Simon Pegg on British and American Humour

Whilst living in Britain I would frequently hear the remark that British humour is 'different' than American humour, and then get surprised glances when I (an American) appeared to 'get'/dish out a clever bit of irony (don't misunderstand, I'm not that clever). I was always puzzled by this, as I merely thought it was the interpretation, filtered by cultural context, that determined whether someone got the laugh or not.

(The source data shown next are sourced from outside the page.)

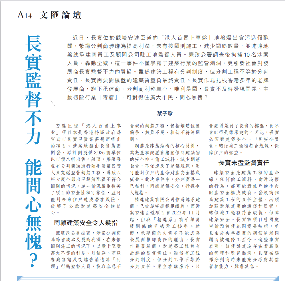 近日,长实位于观塘安达臣道的「港人首置上车盘」地盘爆出贪污造假丑闻,扎铁分判商涉嫌为提高利润,未有按图则施工,减少钢筋数量,并贿赂地盘总承建商员工及顾问公司驻工地监督人员。廉政公署调查后拘捕10名涉案人员,轰动全城。这一事件不仅暴露了建筑行业的监管漏洞,更引发社会对发展商长实监督不力的质疑。虽然建筑工程有分判制度,但分判工程不等于分判责任,长实需要对楼盘的建筑质量负最终责任。长实作为扎根香港多年的老牌发展商,旗下承建商、分判商利欲薰心、唯利是图,长实不及时发现问题、主动切除行业「毒瘤」,可对得住广大市民、问心无愧?
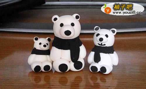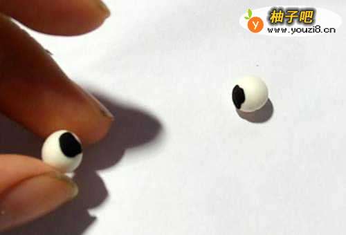 3用白色彩泥与黑色彩泥如图所示做成小熊的耳朵,粘
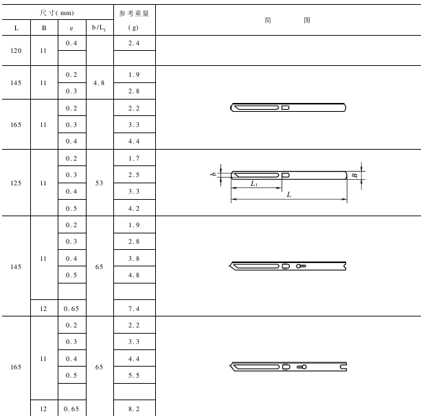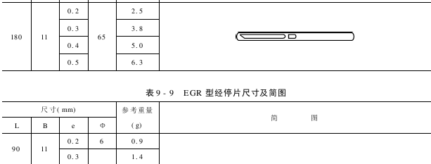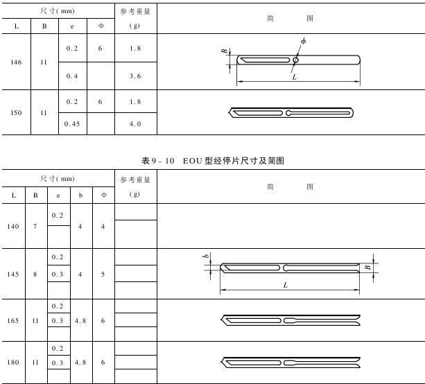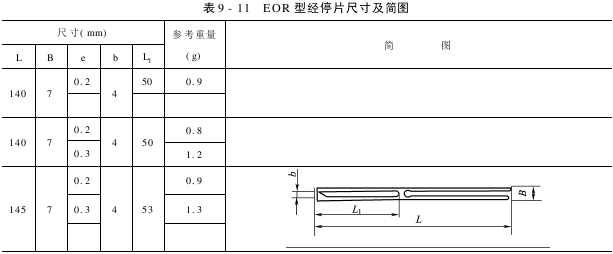 无梭织机大多用电器式经停片,其型号有EGU型、EOU型、EGR型、EOR型尺寸及简图见表9-8~表9-11,其标记代号示意如下:

Well, we can all rest easy now, as British Actor/writer/man-of-extraordinary-genius, Simon Pegg, writes a brilliant article on the virtues and (lack of?) difference between British and American humour.
An excerpt from The Guardian:

When it comes to humour, however, there is one cultural myth that just won't die. You hear it all the time from self-appointed social commentators sat astride high horses, dressed as knights who say, "Ni". They don't get it. They never had it. They don't know what it is and, ironically, they don't want it anyway. That's right: "Americans don't do irony." This isn't strictly true. Although it is true that we British do use irony a little more often than our special friends in the US. It's like the kettle to us: it's always on, whistling slyly in the corner of our daily interactions. To Americans, however, it's more like a nice teapot, something to be used when the occasion demands it. This is why an ironic comment will sometimes be met with a perplexed smile by an unwary American. Take this exchange that took place between two friends of mine, one British (B), the other American (A):

B: "I had to go to my grandad's funeral last week."

A: "Sorry to hear that."

B: "Don't be. It was the first time he ever paid for the drinks."

A: "I see."

Now, my American friend was being neither thick nor obtuse here; he simply didn't immediately register the need to bury emotion under humour. This tendency is also apparent in our differing use of disclaimers. When Americans use irony, they will often immediately qualify it as being so, with a jovial "just kidding", even if the statement is outrageous and plainly ironic. For instance...

A: "If you don't come out tonight, I'm going to have you shot... just kidding."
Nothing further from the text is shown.